Material for the task:
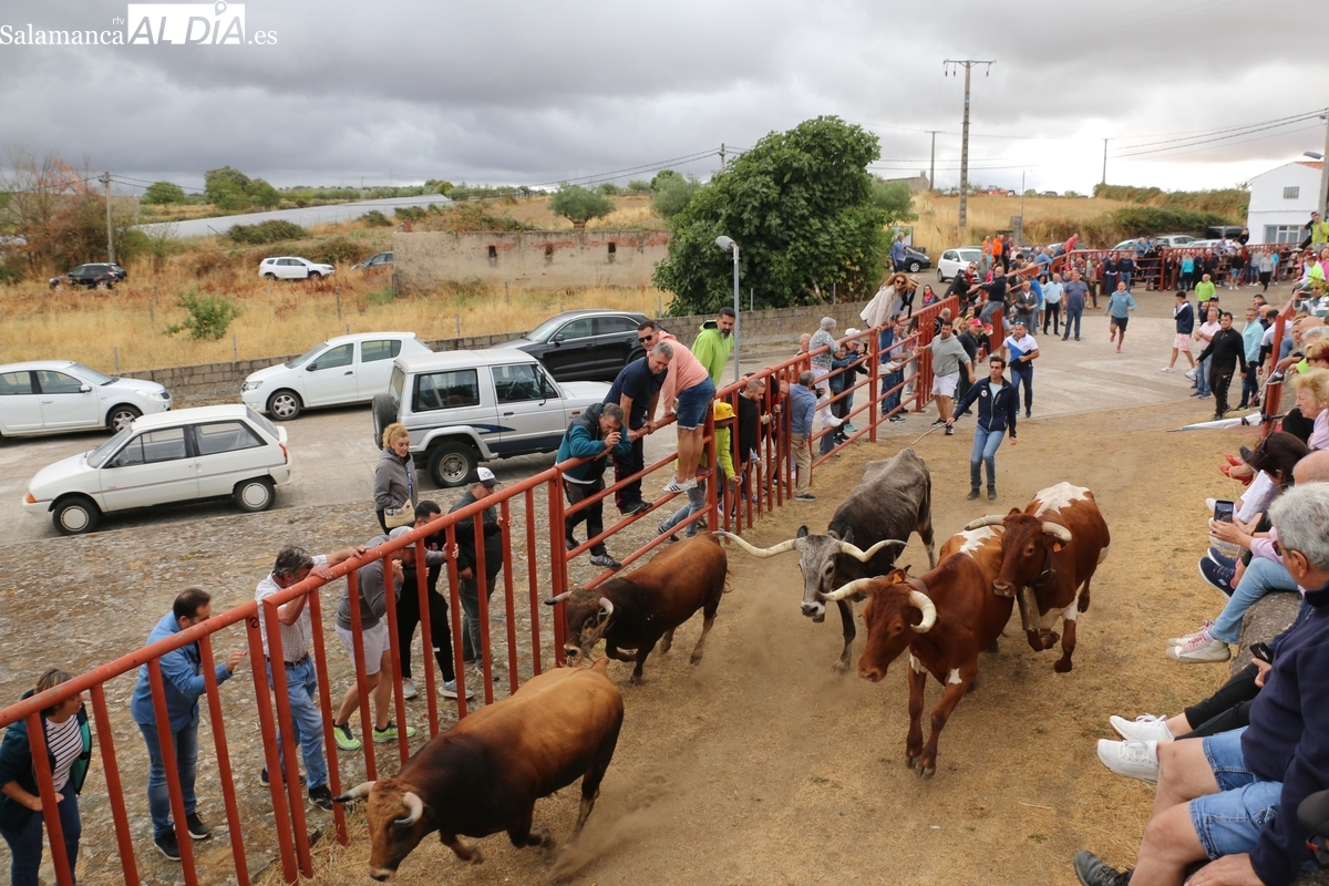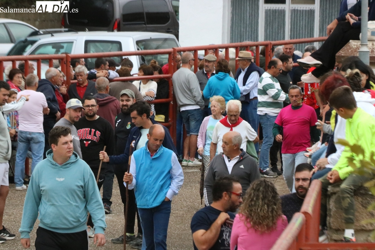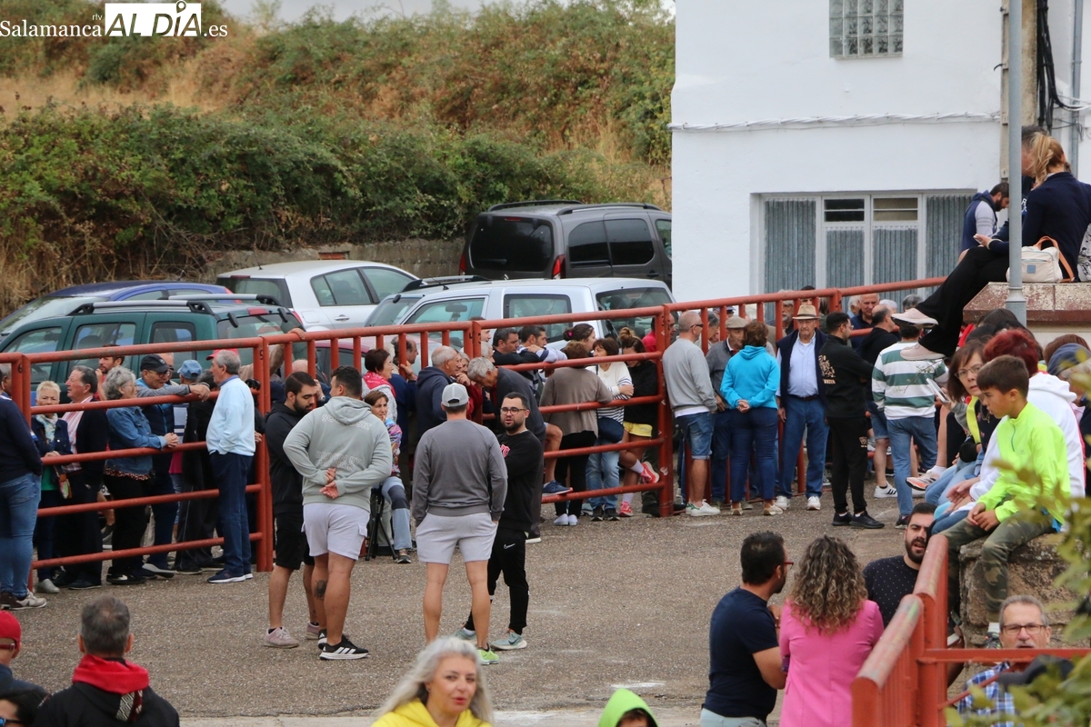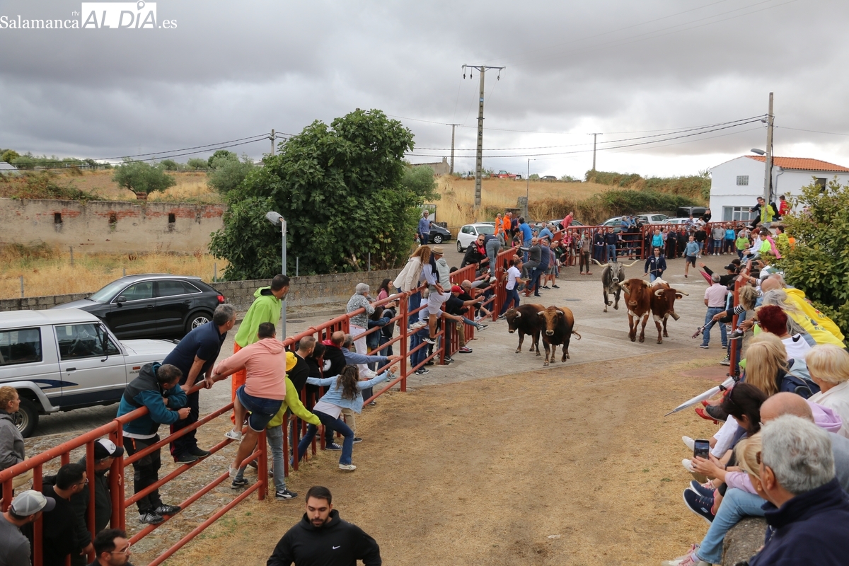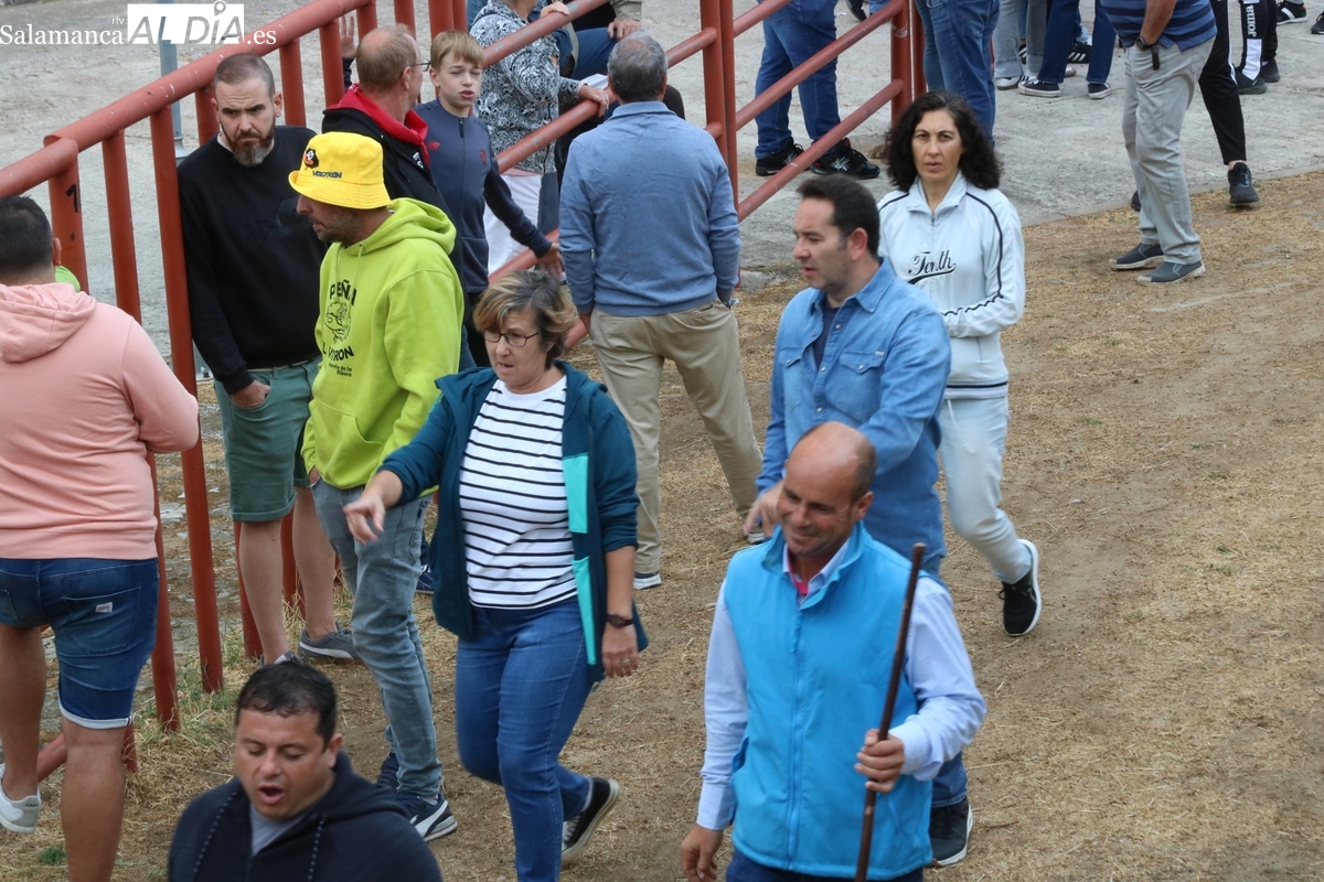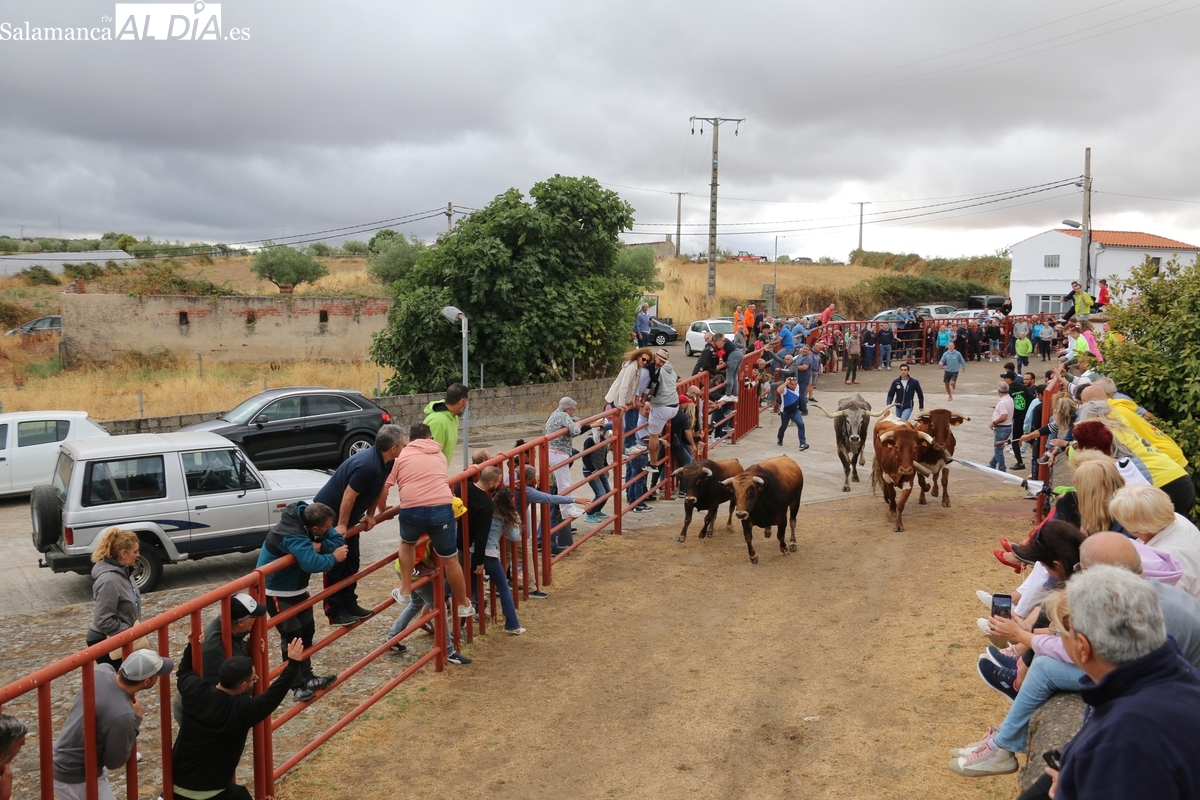Con bastante público de localidades próximas, como Villarino y Aldeadávila, aunque también incluso de otras alejadas como el municipio zamorano de Fermoselle, de manera puntual salían de toriles los tres mansos para realizar el recorrido en sentido inverso hasta el camión. A continuación salían a la calle los dos primeros novillos, todos ellos de capa castaña.
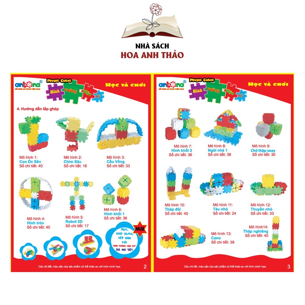 ĐỒ CHƠI ANTONA BỘ LẮP GHÉP HÌNH VUÔNG DIỆU KỲ 40 CHI TIẾT 📜 THÔNG TIN CHI TIẾT Đồ chơi Antona bộ lắp ghép hình vuông diệu kỳ 40 chi tiết ☘ Chất liệu: Nhựa nguyên sinh, an toàn tuyệt đối cho bé ☘ Thương hiệu: Antona ☘ Xuất xứ: Việt Nam ☘ Màu sắc: Nhiều màu khác nhau ☘ Kích thước mỗi hình ghép: 5.2 x 5.2 cmĐỒ CHƠI ANTONA BỘ LẮP GHÉP HÌNH VUÔNG DIỆU KỲ 40 CHI TIẾT ❖ Bộ đồ chơi Hình vuông diệu kỳ - Bộ 40 chi tiết được làm từ các miếng ghép hình vuông diệu kỳ to bao gồm 40 chi tiết với nhiều loại miếng ghép và màu sắc đa dạng khác nhau. Bé sẽ bắt đầu bằng việc bỏ các miếng ghép ra bên ngoài túi và bắt đầu lắp ghép các mô hình theo mẫu. Bé sẽ phải phối hợp giữa tay và mắt, để lắp đúng được các mô hình trong hướng dẫn. Sau khi chơi quen với các miếng ghép và các mô hình được hướng dẫn lắp ghép, bé có thể sáng tạo thêm được rất nhiều mô hình thú vị khác.❖ Bộ lắp ghép Hình vuông diệu kỳ - Bộ 40 chi tiết được làm từ 100% nhựa nguyên sinh, đảm bảo tuyệt đối an toàn cho bé khi vui chơi. Bé có thể thoả thích chơi đùa, vừa có thể học hỏi thêm kiến thức mà vẫn an toàn cho sức khỏe của bé.❖ Các cạnh của bộ lắp ghép đều được vê tròn, đảm bảo an toàn khi sử dụng ❖ Trong quá trình chơi với bộ lắp ghép Hình vuông diệu kỳ - Bộ 40 chi tiết, bé sẽ học hỏi thêm được nhiều kỹ năng và kiến thức cần thiết cho cuộc sống: Bé học lắp ghép, phát triển tư duy logic, phát triển trí thông minh và óc sáng tạo, rèn luyện sự tập trung và tính kiên trì ❖ Sản phẩm có hướng dẫn sử dụng rất cụ thể và chi tiết được đính kèm.NHÀ SÁCH HOA ANH THẢO CAM KẾT1. 100% Sách mới, Chuẩn nhà xuất bản 2. Sản phẩm được kiểm tra kỹ, đóng gói cẩn thận trước khi giao đến quý khách 3. Giao hàng trên toàn quốc4. Hỗ trợ đổi trả theo quy định của Shopee. ∎ Điều kiện áp dụng (trong vòng 07 ngày kể từ khi nhận sản phẩm) - Hàng hoá vẫn còn mới, chưa qua sử dụng - Hàng hoá bị lỗi hoặc hư hỏng do vận chuyển hoặc do nhà sản xuất ∎ Trường hợp được chấp nhận: - Hàng giao không đúng như đơn quý khách đặt hàng - Không đủ số lượng, không đủ bộ như trong đơn hàng ∎ Trường hợp không đủ điều kiện áp dụng chính sách: - Quá 07 ngày kể từ khi Quý khách nhận hàng- Gửi lại hàng không đúng mẫu mã, không phải sản phẩm của Nhà sách Hoa Anh Thảo - Không thích, không hợp, đặt nhầm mã, ...#dochoi #sach #hoaanhthao #lapghep #hinhkhoi #dieuky #antoan #nhua #mausac #hinhkhoi #toanhoc #nguyensinh #nhasach #nhasachonline #giaoduc #phatrien #tuduy #sangtao #ngonngu #kynangsong
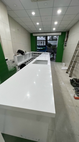 Solid surface korean Himacs S028 Alpine White ốp quầy thuốc cho khách hàng tại quận 3, Hồ Chí Minh
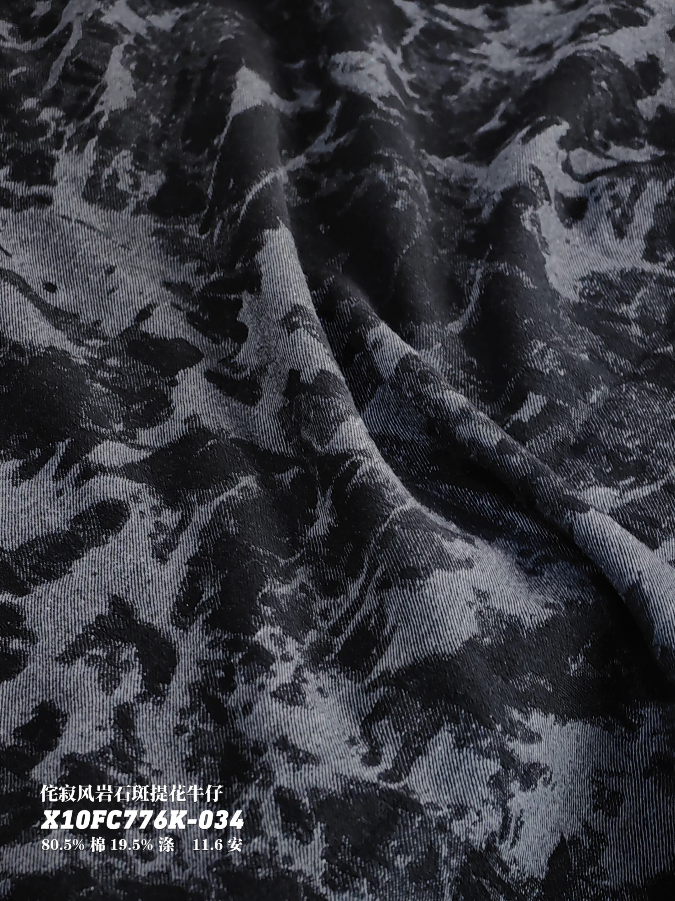 侘寂风岩石斑提花牛仔X10FC776K-034
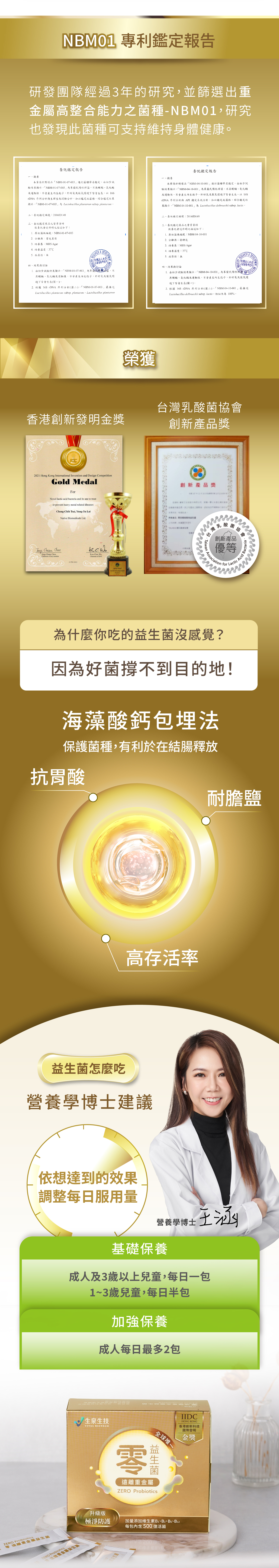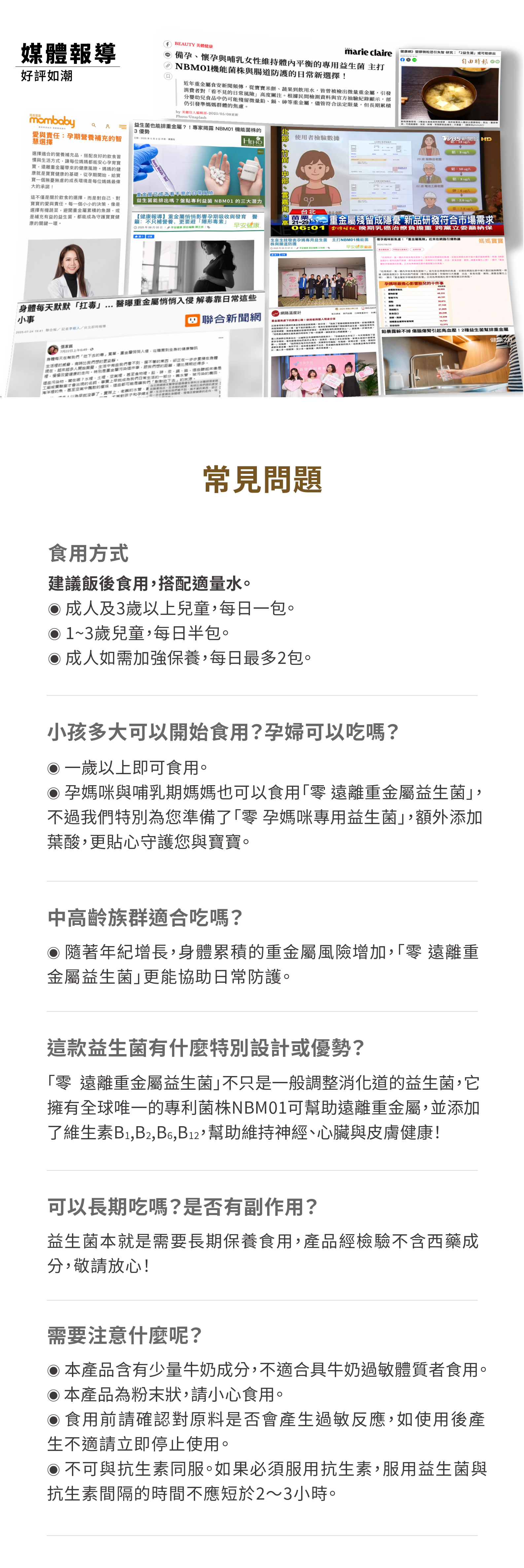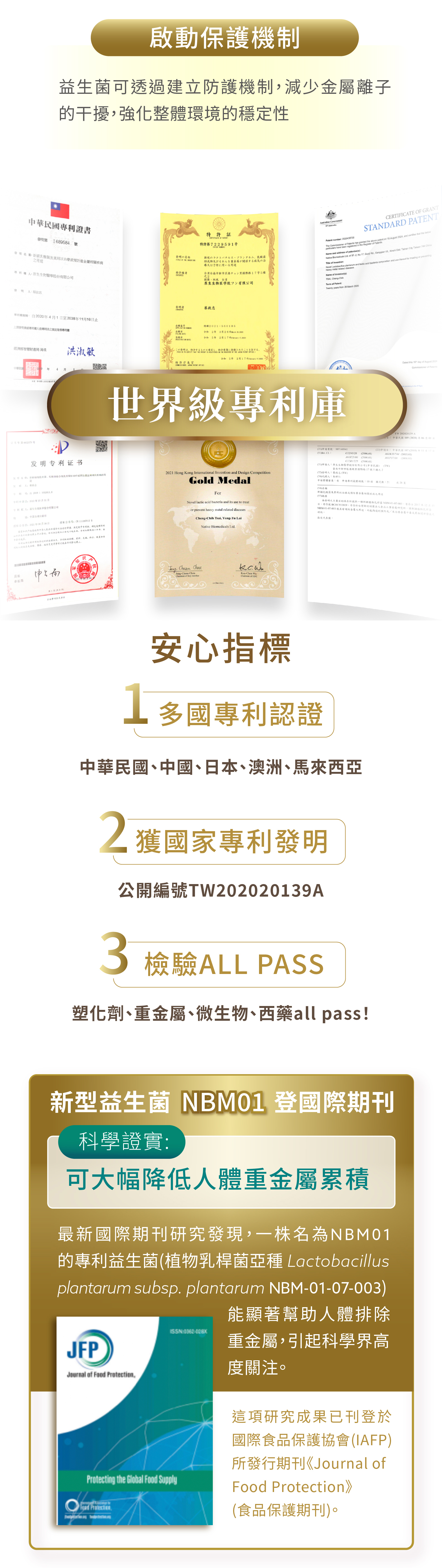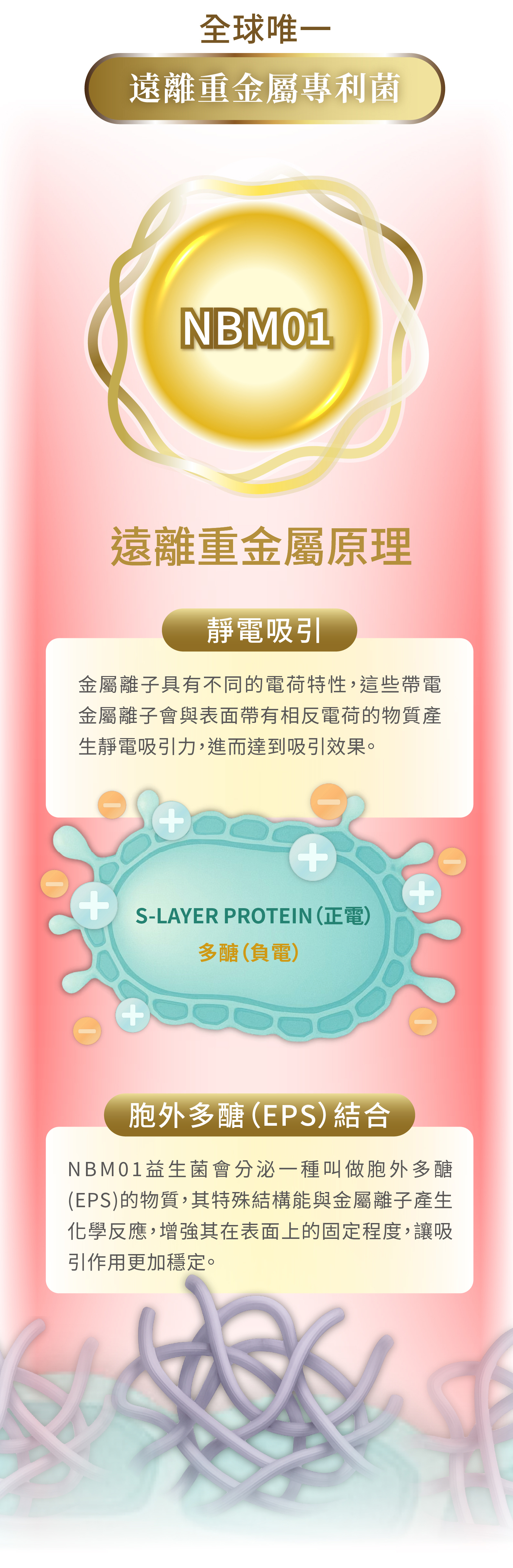 • NBM01 專利菌株,業界唯一幫助遠離重金屬、營養補給、促進新陳代謝

What to produce:
Print exactly, and only, the lines from the one with "Solid surface korean" through the last line of the listing above. No pictures belong in the copy.

Solution to the exercise:
 Solid surface korean Himacs S028 Alpine White ốp quầy thuốc cho khách hàng tại quận 3, Hồ Chí Minh
 侘寂风岩石斑提花牛仔X10FC776K-034
 • NBM01 專利菌株,業界唯一幫助遠離重金屬、營養補給、促進新陳代謝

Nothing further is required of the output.